Why Validate Excel Files?
Data validation ensures your analysis uses clean, reliable data. It catches problems early.
Invalid data can cause crashes or incorrect results. Validation prevents these issues.
It verifies file structure, data types, and business rules before processing.
Installing xlrd Library
First, install xlrd using pip. It reads Excel files in Python.
# Install xlrd using pip
pip install xlrd
Xlrd supports .xls files. For .xlsx files, use openpyxl instead.
Basic File Validation
Start by checking if the file exists and is accessible.
import xlrd
import os
def validate_file_exists(file_path):
"""Check if Excel file exists and is accessible"""
if not os.path.exists(file_path):
raise FileNotFoundError(f"File {file_path} not found")

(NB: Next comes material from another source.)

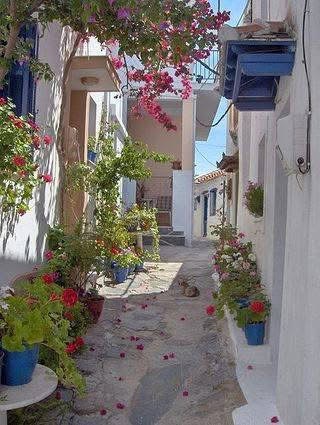 Στην κατάφυτη από ενδημικά φυτά Σκιάθο, άργησαν να έρθουν. Ο καλλωπισμός των σπιτιών και των αυλών άρχισε μόλις στον Μεσοπόλεμο με την άφιξη των Μικρασιατών προσφύγων που τον είχαν στην κουλτούρα τους και τον συνέχισαν στο νησί.

if not os.path.isfile(file_path):
raise ValueError(f"{file_path} is not a file")
# Try to open the file
try:
workbook = xlrd.open_workbook(file_path)
print("File is valid and accessible")
return workbook
except xlrd.XLRDError as e:
raise ValueError(f"Invalid Excel file: {e}")
# Example usage
file_path = "data.xls"
workbook = validate_file_exists(file_path)
File is valid and accessible
Validate Sheet Structure
Check if required sheets exist in the workbook.
def validate_sheets(workbook, required_sheets):
"""Validate that required sheets exist"""
sheet_names = workbook.sheet_names()
for sheet in required_sheets:
if sheet not in sheet_names:
raise ValueError(f"Required sheet '{sheet}' not found")
print(f"All required sheets found: {required_sheets}")
return True
# Example usage
required_sheets = ["Sales", "Customers", "Products"]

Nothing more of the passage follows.